Superintendent (warden) of Julia Tutwiler Prison for Women
- In office 1951–1966

Alabama Pardons and Parole Board
- In office 1939–1949

Assistant Attorney General
- In office 1939–1939

Assistant Attorney General
- In office 1922–1925

Personal details
- Born: 1894 Autauga County, Alabama, United States
- Died: February 4, 1968 (aged 73–74) Alabama, United States
- Alma mater: University of Montevallo Vanderbilt University Law School

= Edwina Donnelly Mitchell =

American prison superintendent (1894–1968)

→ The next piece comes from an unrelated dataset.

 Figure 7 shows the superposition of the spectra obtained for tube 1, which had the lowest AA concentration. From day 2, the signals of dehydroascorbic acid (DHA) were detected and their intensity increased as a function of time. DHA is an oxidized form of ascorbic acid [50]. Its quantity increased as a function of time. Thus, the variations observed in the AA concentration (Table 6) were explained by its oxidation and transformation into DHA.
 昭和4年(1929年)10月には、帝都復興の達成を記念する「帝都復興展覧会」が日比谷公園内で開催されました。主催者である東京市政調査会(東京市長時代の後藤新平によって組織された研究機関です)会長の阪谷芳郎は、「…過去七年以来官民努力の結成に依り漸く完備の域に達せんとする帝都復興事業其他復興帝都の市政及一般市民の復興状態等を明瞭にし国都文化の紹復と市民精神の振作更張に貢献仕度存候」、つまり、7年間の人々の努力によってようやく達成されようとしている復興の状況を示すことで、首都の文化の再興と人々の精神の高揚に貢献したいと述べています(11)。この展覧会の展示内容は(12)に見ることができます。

Edwina Donnelly Mitchell (1894–1968) was the Superintendent (warden) of Julia Tutwiler Prison for Women located in Wetumpka, Alabama.

==Background==
Originally from Autauga County, Alabama, she was a graduate of Alabama College (now University of Montevallo) and a 1946 graduate of Vanderbilt University Law School.

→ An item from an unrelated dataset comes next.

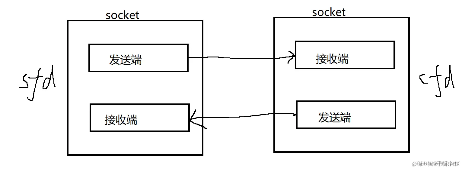 在网络中套接字一定是成对出现的。
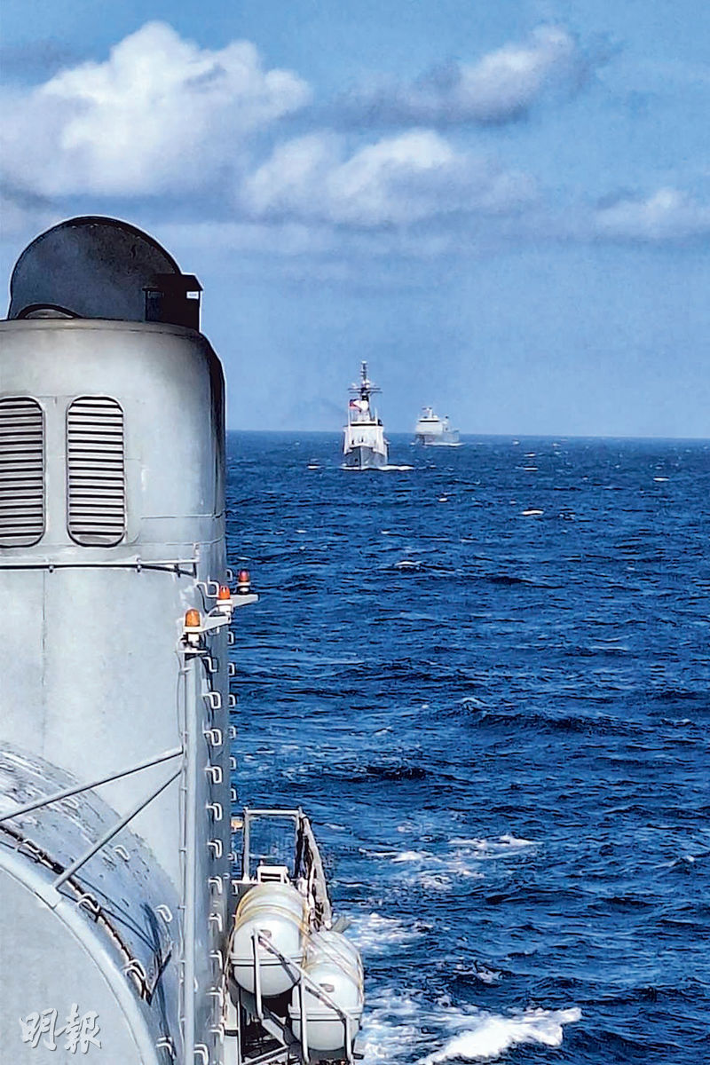 【明報專訊】菲律賓軍方前天表示,菲律賓和美國軍艦在南海聯合巡邏時,遭兩艘中國軍艦跟蹤。解放軍南部戰區昨(5日)通報,南部戰區昨在南海海域組織例行海空聯合演訓。

Alabama attorney general Harwell Goodwin Davis appointed Mitchell as Assistant Attorney General of Alabama 1922–25. She held the position again in 1939, when she wrote the legislation to create the Alabama Pardons and Parole Board. She was the first woman to serve on the board, 1939–1949.

==Tutwiler==
In 1951, she was appointed Superintendent of Tutwiler. She believed harsh conditions and strict measures only hardened people whose lives had led them to prison, telling an interviewer, "The attorney general used to ask me to sit in on meetings for him when I was an assistant. I went out to see the institutions we were putting people in, and I was so upset I've never lost interest in the correctional field." Instead, she housed the women in shared cells, where they were allowed some personal items in their area. Spurred by proposed state legislation to revamp the prison system, based on allegations it was a financial liability by not being self-supporting, women's clubs toured Tutwiller to observe the situation for themselves. The visitors found prisoners growing their own food, and learning the textile trade. Mitchell explained her philosophy of teaching the prisoners how to get past their own hostilities, "I believe everybody can be improved with the right kind of self discipline."

==Final years and death==

After reaching retirement age for a state job, Mitchell was given a waiver to continue overseeing Tutwiler. Her personal physician urged her to retire when she reached the age of 70. Although the announcement was made in January 1965, no date was set. She was hospitalized with a heart attack in January 1966, and she officially retired July 16.

Mitchell died February 4, 1968. She was elected to the Alabama Women's Hall of Fame in 1973.